Tomography for Near-Surface and
Imaging Velocity
Determination -- Examples from the Western Desert in Egypt
By
John Bedingfield1, August Lau1, Chris Koeninger2, Nabil El Kady2, Maurice Nessim2
(1) Apache Egypt Company, Maadi, Egypt (2) WesternGeco, Cairo, Egypt
The accurate determination of the velocity
distribution in the subsurface is
probably the single most important part in the long sequence of processing
steps. In land surveys velocities impact the noise patterns, the amplitude
behaviour, the static and dynamic distortions. In general processing attempts to
correct for these effects with velocities that are individually tuned.

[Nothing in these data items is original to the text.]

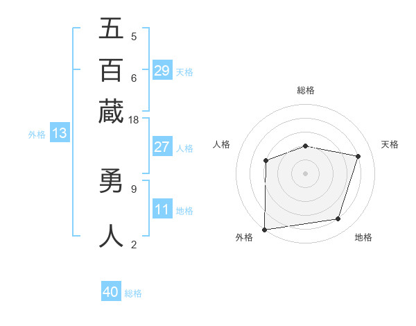 五百蔵 勇人さんの外格は13画の5点!
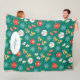 Ice Skates and Snowflakes Teal Monogram Pattern Fleece Blanket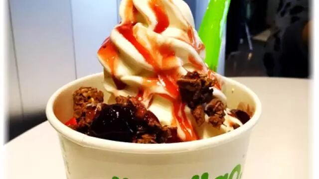 酸奶冰淇淋打底,然后加上各种配料。酸奶的口感很浓郁,微酸。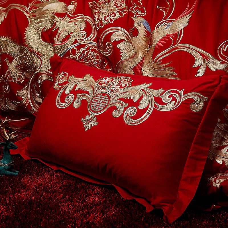 Gold Phoenix Luxury Royal Egyptian Cotton Red Duvet Cover Set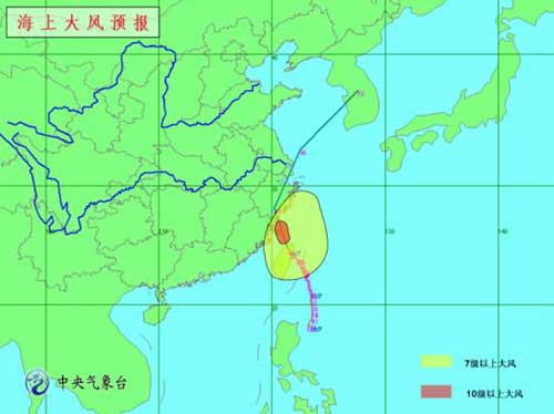 预计,强风暴中心将以每小时15~20公里的速度向西北偏北方向移动,逐渐向浙闽沿海靠近,强度维持或略有减弱,并将于18日下午到19日早晨在浙江温岭到福建连江一带沿海再次登陆。
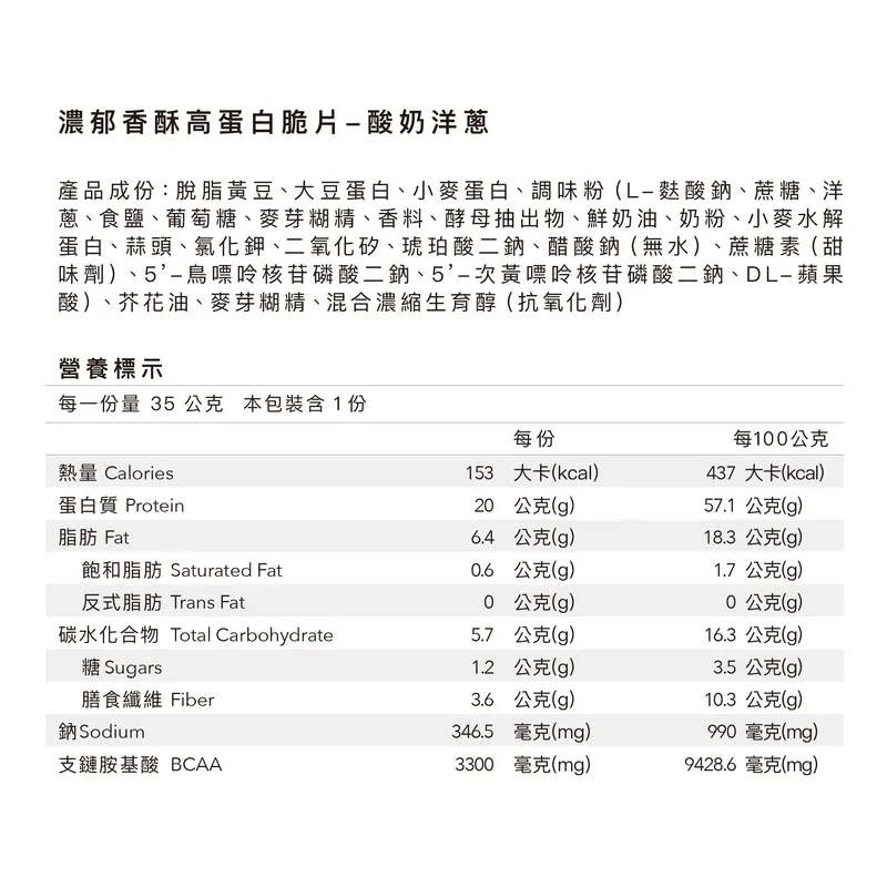 濃郁香酥高蛋白脆片 - 酸奶洋蔥
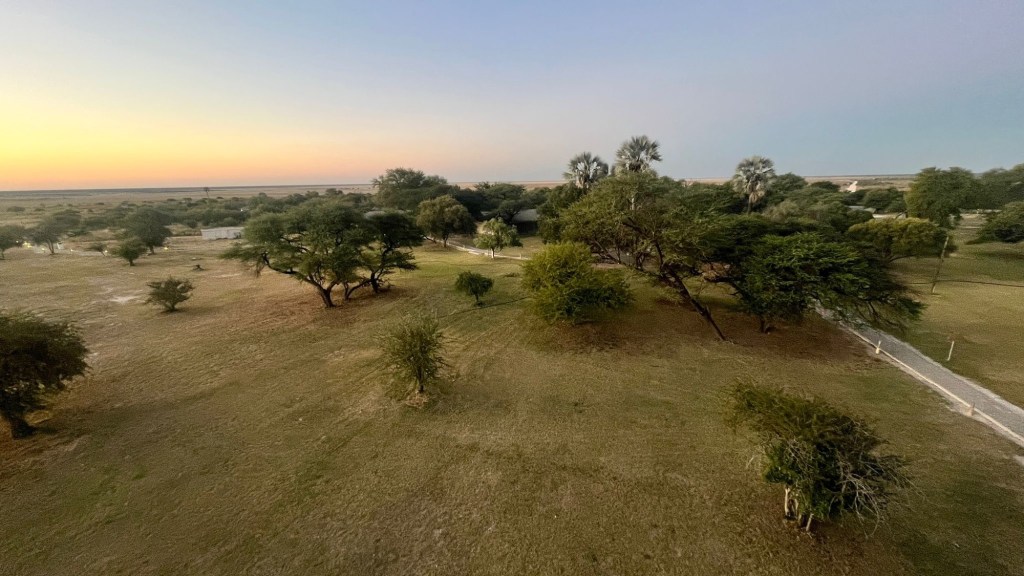 A oto nasz dzisiejszy kamping, Namutoni. Jest uroczy i kameralny. Jest tutaj podświetlany wodopój i fort. Sprawdzimy jak się prezentuje o wschodzie Słońca, bo podczas zachodu tak: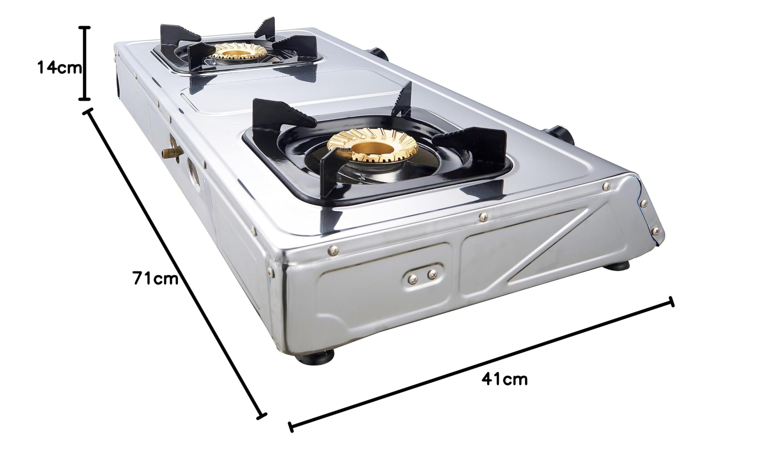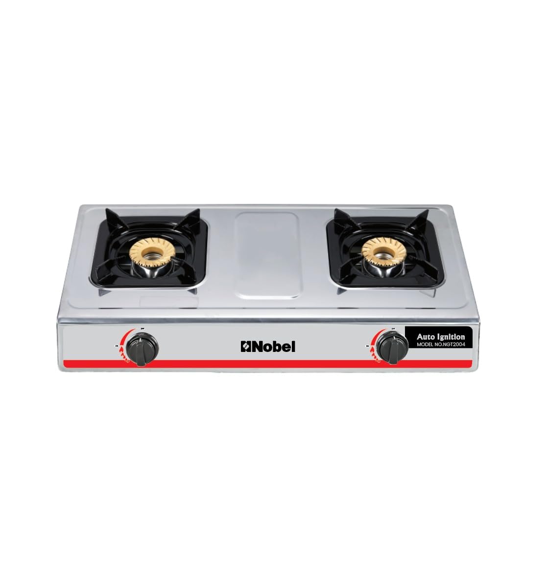 Nobel Gas Stove with Dual Gas Burner/2 Brass Burners and Stainless Steel Brass & Auto Ignition Energy Saving - 710 x 410 x 140 (W x D x H) mm NGT2004 with 2 Year Warranty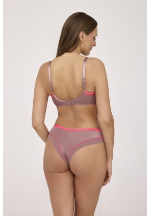 Бюстгальтер 2218 в цвете moccha rose (Мокко-розовый) выполнен с шитыми из двух слоев нежного тюля мягкими прозрачными чашками на косточках, украшенными нежной цветочной вышивкой, что придает легкость и девичье очарование. Бретельки регулируются по длине, не отстёгиваются. Пояс из стабилизирующей сетки. На спине застёжка на удлинитель, количество крючков в ряду застёжки увеличивается от 2 до 3 пропорционально размеру бюстгальтера. Фурнитура металлическая цвета желтого золота. Модель сочетает в себе романтизм и нотки современности: нежный кофейно-молочный оттенок разбавлен насыщенным розовым, который добавляет свежести и энергии. Бюстгальтер идеально сочетается с трусиками из коллекции 2217, 2218.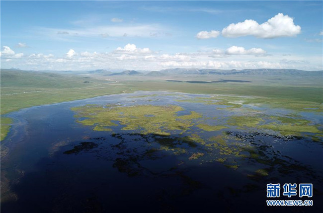 7月29日無人機(jī)拍攝的尕海湖湖畔濕地。 新華社記者 馬寧 攝

Noise attenuation and amplitude correction velocities are spatially smooth or
even constant. Near-Surface velocities for static corrections require much more
detail if their effects on the timing of structures are to be reliably resolved.
The velocity
model that is used for depth imaging generally undergoes various
iterations and is the most difficult yet also the most important part of the
velocity
puzzle.
This paper will concentrate mainly on the near-surface and depth imaging
velocity
models and the tomographic approach to derive them. For the
near-surface model first-arrival times are raytraced and inverted for slowness
updates in a cell-based model. Similarly for the depth imaging case a cell-based
model is used to compute slowness updates derived from user-supplied
velocity
information. This
velocity
information is much easier to obtain and more readily
available in routine processing than reflection time picks from prestack data
which requires good data quality and is very time consuming.
Examples of the techniques are shown on data from the Western Desert in Egypt with a discussion of specific issues that were encountered during processing.